Anonymity: Shoppers can purchase goods and services using encrypted wallet addresses that enable them to keep their identities anonymous and not divulge their personal information. It prevents fraudsters from indulging in identity theft.
Minimize fraud: The monetary transaction is immediate, and participants cannot forge, refund, or rescind transactions, thus minimizing the chances of returns and fraudulent chargeback. Consent of both parties is required for reversing transactions, which means nobody can withdraw funds from your wallet without your permission.
Lower transaction fees: With transactions being transparent and not owned by payment gateways, the transaction cost of cryptocurrency is typically far lower as compared to bank charges or credit card commissions.
Cons of Cryptocurrency
Volatility: Since governments do not back cryptocurrencies and do not reference fiat currencies, cryptocurrencies can be quite volatile, making potential investors scared.
No buyer protection: Cryptocurrencies are just like cash in the matter of customer protection. If you fall prey to fraud, you do not have any proof of ownership due to the high levels of anonymity.
Sustainability concerns: At a time when there is a growing worry about climate change, the significant energy consumption of cryptocurrency mining is a significant concern. It is likely we will witness restrictions on cryptocurrency mining soon.
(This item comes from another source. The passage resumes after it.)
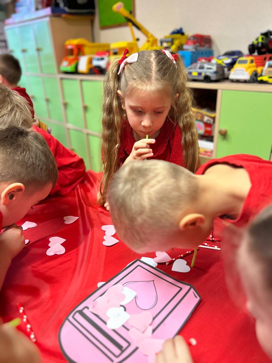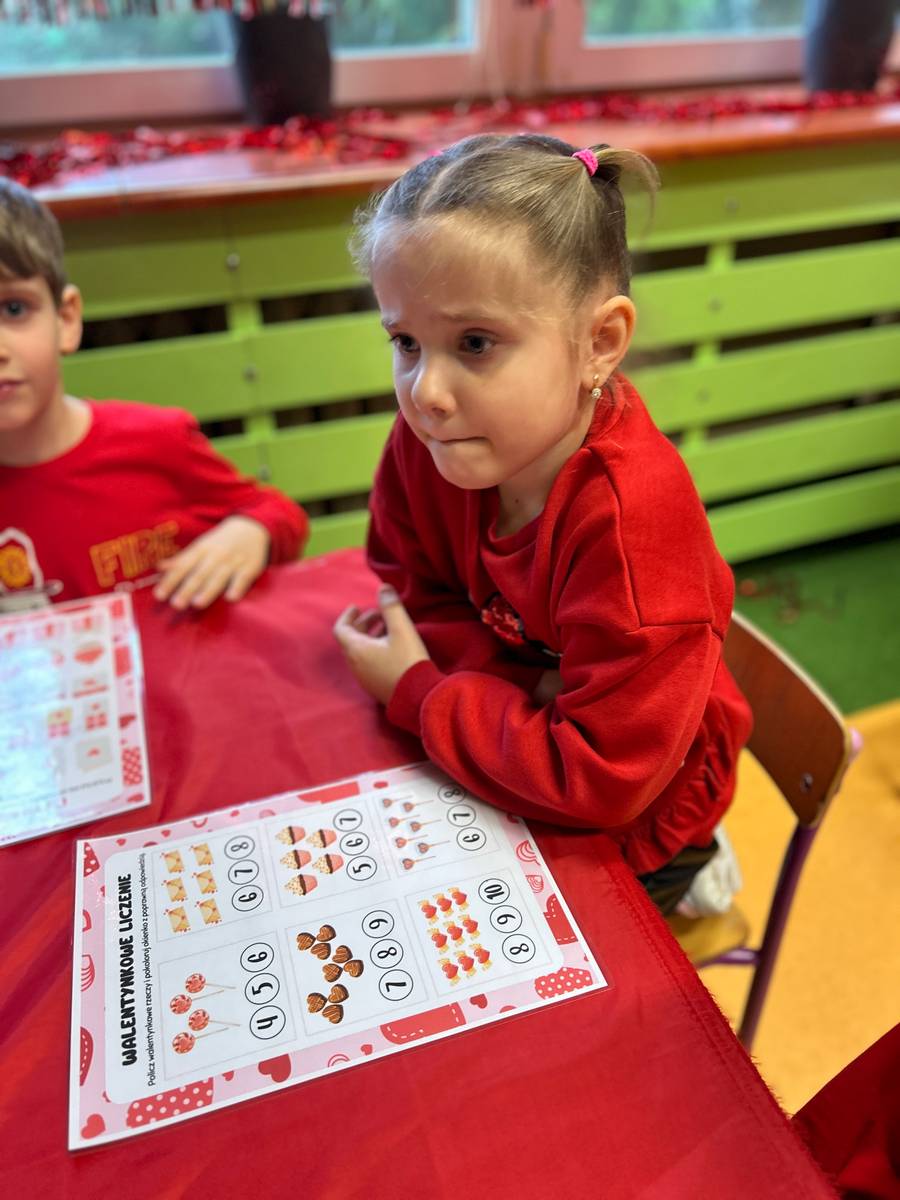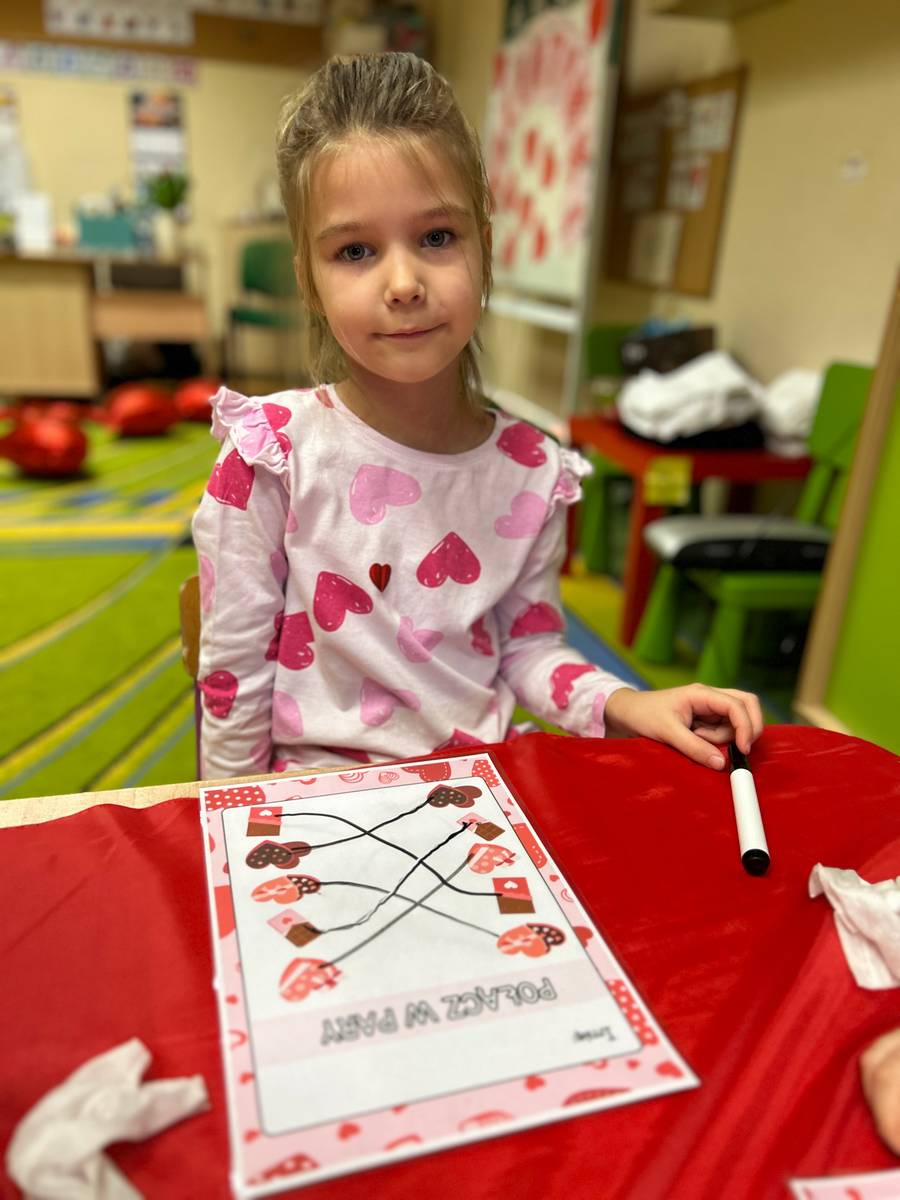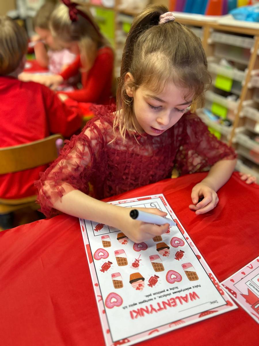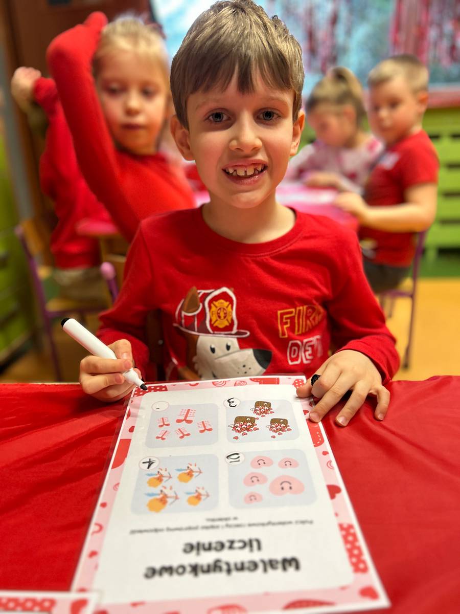 Walentynkowy dzień upłynął pod znakiem wspólnych rozmów, zabawy i odkrywania czym jest miłość w dziecięcym świecie. Zaczęliśmy od rozmowy w kręgu, podczas której dzieci dzieliły się swoimi skojarzeniami- mówiły, że miłość to przytulanie, pomaganie, dzielenie się zabawkami. Podczas walentynkowych zajęć rozmawialiśmy także o tym, skąd wzięło się to wyjątkowe święto oraz dlaczego serce jest symbolem miłości. Następnie przedszkolaki z wielkim zaangażowaniem rozwiązywały walentynkowe zadania, które prowadziły je przez "serduszkowe" wyzwania, ćwicząc spostrzegawczość, współpracę i logiczne myślenie.

Despite the growing popularity of cryptocurrencies, there remain quite a few concerns, especially with many governments unwilling to relax their control over the traditional currency system. As of now, for individuals and organizations looking to the future, cryptocurrencies represent a new and potentially exciting method of transferring value quickly, transparently, and without the chance of duplication and fraud. E-commerce businesses are on the cusp of change, and many are gearing themselves up to accept cryptocurrency payments from a new set of customers. Internet customers are increasingly seeking more convenient methods of digital payments, and cryptocurrencies look well-poised to fulfill this demand. Customers do not need to use cash or disclose credit card information when checking out. Speed, convenience, and security are the three planks on which cryptocurrency will be powering e-commerce.